The most important thing to bear in mind is that a small stock is a publicly-traded stock trading at a meager price per share. In many cases, this can be stocks trading at less than $5 per share. However, penny stocks can cost even less than $1 per share!
As alluded to earlier, small stocks are most prevalent among small start-ups. Be that as it may, little stocks provide for big gains, all for their meager selling prices. As a result, they are very liquid. That is the downside of it. It gets worse when a company’s market position is weak, and its financials rendered fragile. This is what makes the investment risky.
As an ardent trader who would like to buy pink sheet stocks online, there are a few steps that you might want to put on your checklist. These are not cast in stone but can be a helpful guide as you go about your trading.
Because penny stocks are a hazardous investment, you want to reduce that risk by evaluating your investment. The primary thing you want to do is establish the company’s viability you want to invest in. Bear in mind that although they are a high-risk investment, the rewards can also be high! To be on the safe side, always regard trading in penny stocks as a short-term venture. It would help if you did not take buying penny stocks as a long-term investment strategy.
Put, if you are going to buy penny stocks online, you will need a service account with an online brokerage firm. There are no two ways about it.
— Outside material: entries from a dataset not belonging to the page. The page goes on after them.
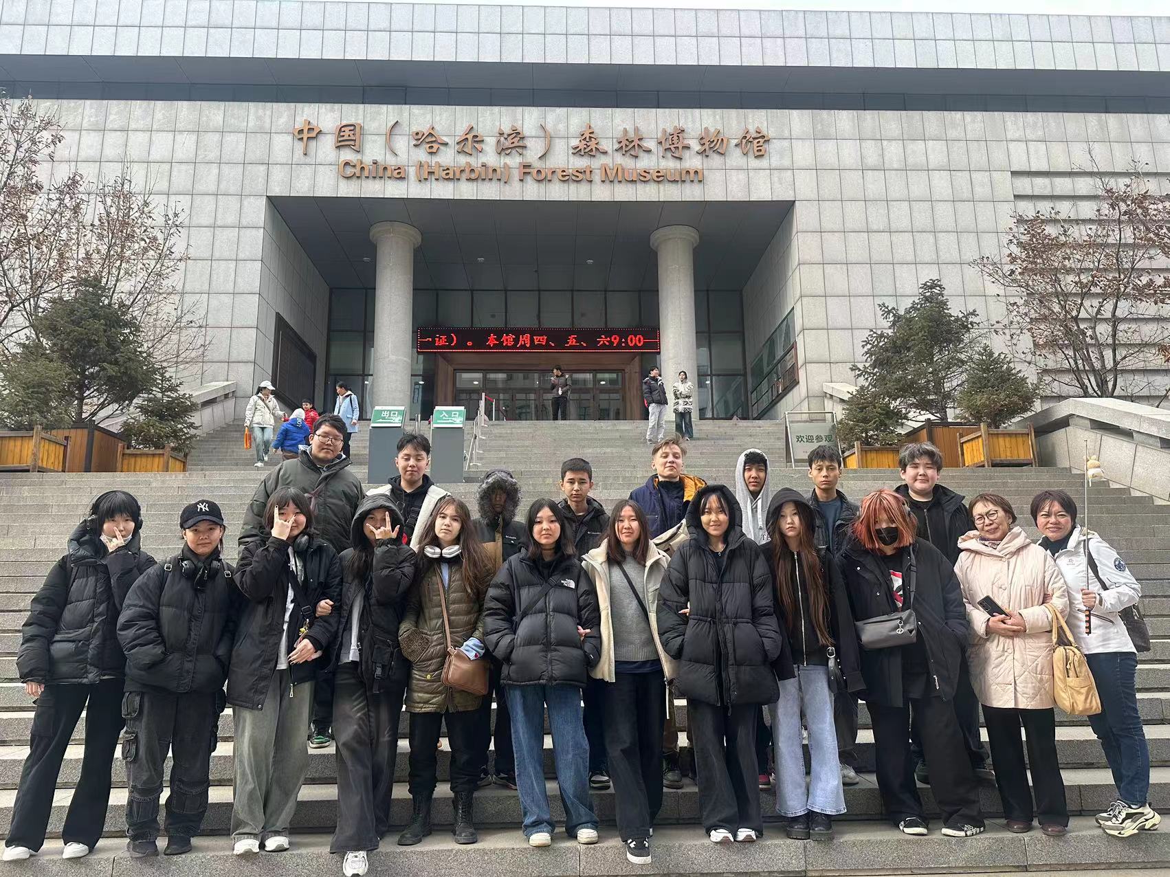 代表团参加了由我校启林研究会组织的中国戏剧体验活动,同学们了解了“生、旦、净、末、丑”五种京剧行当,体验了髯口、凤冠等京剧中的服饰和道具,并欣赏了各种京剧唱腔表演,现场充满了掌声和欢笑声。文化体验活动结束后,代表团参观了中国(哈尔滨)森林博物馆。
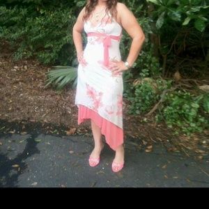 Its floral with acymetrical shape at the bottom and has a sheer layer. Its a beautiful dress
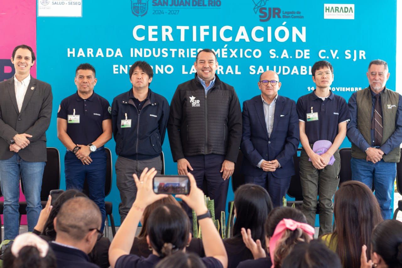 Las empresas del municipio ponen el ejemplo en la construcción de entornos saludables, afirmó el presidente municipal de San Juan del Río, Roberto Cabrera Valencia, durante la entrega del certificado a Harada Industries México S.A. de C.V. como “Entorno Laboral Saludable y Espacio 100% Libre de Humo de Tabaco y Emisiones”.
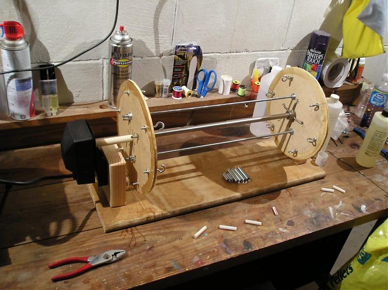 Here's a pic of my spinner, I just built it Saturday, and ran one batch of plugs through it. I am generally a cheap bastard, and I've been looking since last winter for a gearmotor to run the thing, but finally, I had plugs painted and it was time to etex them and so I went to Homies and bought a Charmglow grille rotisserie kit, and used the motor, brackets, and skewer pieces, and bought some springs and screweyes to finish it. It turns nice and slow, and is very quiet.
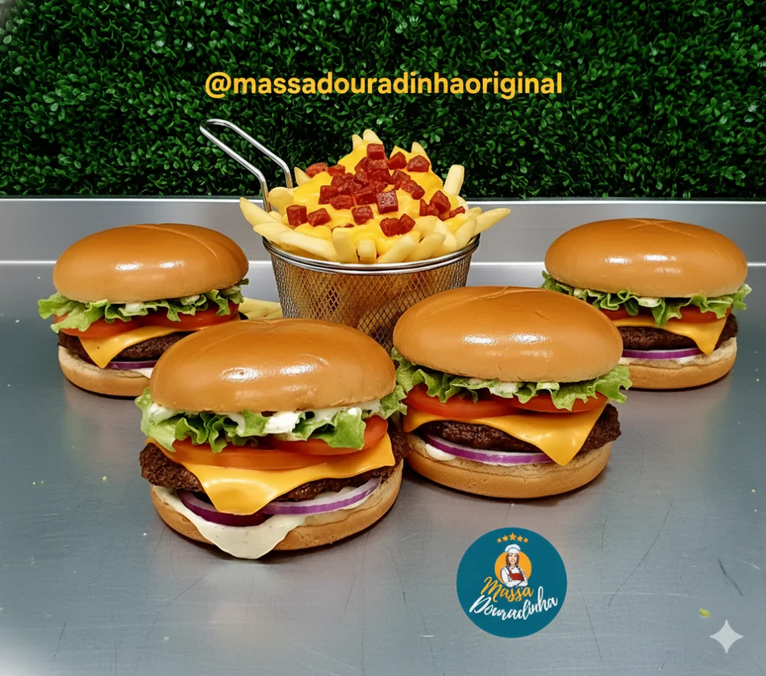 Acompanha batata frita, molho cheddar cremoso, 5 anéis de cebola, além de 1 potinho de maionese verde.

You will not need a broker’s services to need this online account for that purpose. A couple of online brokerage services will require that you make some small deposits when opening an account. This will help you with your initial trading. The advantage of these online services is that they run websites where you can constantly monitor the stocks’ behavior. You may want to check with TD Ameritrade and E-Trade, among others.
The moment you get into a business, you must have established information about it. It is important to have gathered enough information about buying small stocks online before you fully get into the trade in the same vein. It would help if you made yourself abreast with such things as trading terminology. For instance, there “ask” and “bid” prices. It would help if you got yourself acquainted with all this.